In 1993, the tenant stopped using the building it had built and the building was vacant until 2015 when the two leases expired (but for several years when a subtenant used the former retail store space for offices). The lease permitted both the subtenancy and the vacancy.
By virtue of the passage of time, though the building complied with all laws pertaining to a registered vacant building in its municipality, laws for a building to be occupied changed and to obtain a certificate of occupancy after the lease ended required curing 110 code violations. As a registered vacant building those were not code violations. The landlord argued that the tenant’s obligation to surrender this old building meant that the tenant had to restore it to one that could be used. That’s where the conflict between the “wear and tear” exception and the lease’s repair provisions collided. One of the two leases imposed the following duty on the tenant. The other said essentially the same thing.
To keep said premises and the appurtenances thereof in good order and repair during the said term, and faithfully to keep and observe all statutes and ordinances in force, relating to said leased premises, or the use thereof.

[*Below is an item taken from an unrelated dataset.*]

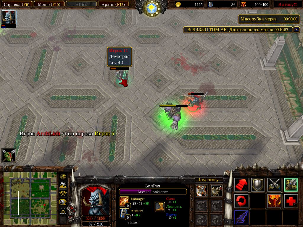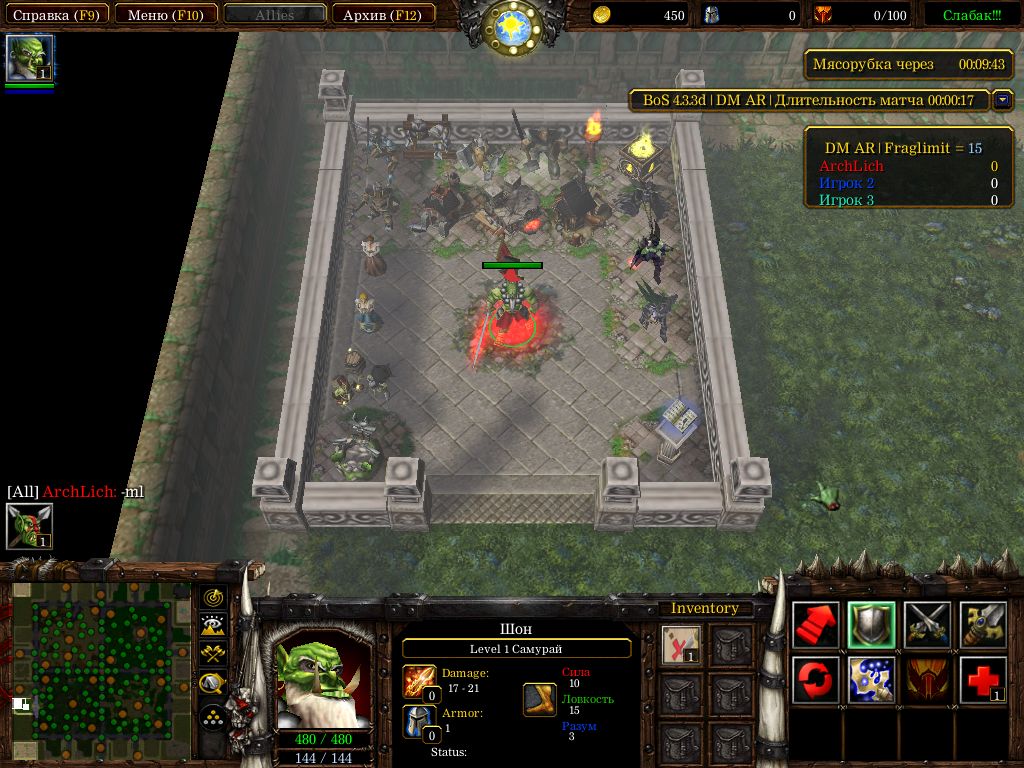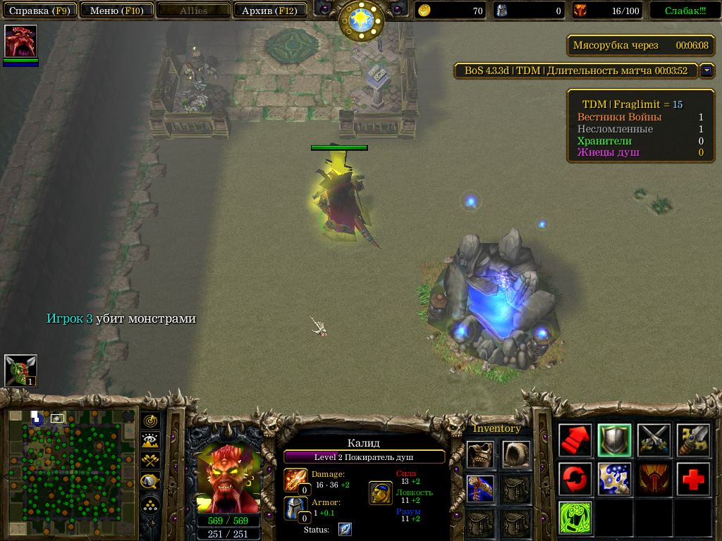 - когда кто-то из команд (TDM) или игроков (DM) достиг лимита фрагов, все герои перемещаются на отдельную арену для поздравления победителей и подведения итогов;

Practically speaking, the landlord was calling for a complete renovation of the building. The building got old on its own and through the expected and normal use incident to a retail store. If the landlord was willing to accept return of the building diminished by ordinary wear and tear, then it impliedly was willing to allow the tenant to leave “ordinary wear and tear” unrepaired during the course of the lease’s term. Further, things caused by aging that would have happened anyway had the building been unoccupied and unleased are considered to be ordinary wear and tear. While the tenant was required to comply with laws applicable to the building and its use of the building during the lease term, it had no liability to cure items that the law would require only after the lease had ended.
So, where does this leave us? First, we know have one of many good, but substantially similar, definition of “wear and tear.” More importantly, we have a clue that even without a lease containing an exception for “wear and tear,” the risk of ordinary wear and tear may rest on the landlord. We don’t suggest that anyone’s lease not deal with the issue, but if you find a lease, like the 1920 ground lease in the Minnesota case, that might be the outcome. Lastly, if any reader, after hearing this over and over and over in Ruminations, still thinks that she or he can read each sentence in a lease or other agreement as if there were no other sentences in the same document, stop doing so. If we want a specific result, then we need to make it clear that all of the agreement’s provisions are harmonized. Judges aren’t stupid, not even the ones that rule against us. It shouldn’t be hard to realize that we need to read all of a lease’s provisions dealing with and touching on a particular subject before we can know how any one of those provisions will be interpreted. That’s especially important when making a change to one provision of a lease (or other agreement) where the lease had been carefully harmonized in the first place. Further, this is probably a good time to look at your form documents and engage in the exercise of reading related provisions within those documents to see if they “hang together” and are unambiguous.
For those who are gluttons for punishment, we recommend that you read the Minnesota case. While not a model of clarity, it has a bunch of “nuggets” about issues that can arise at the end of a very long-term lease.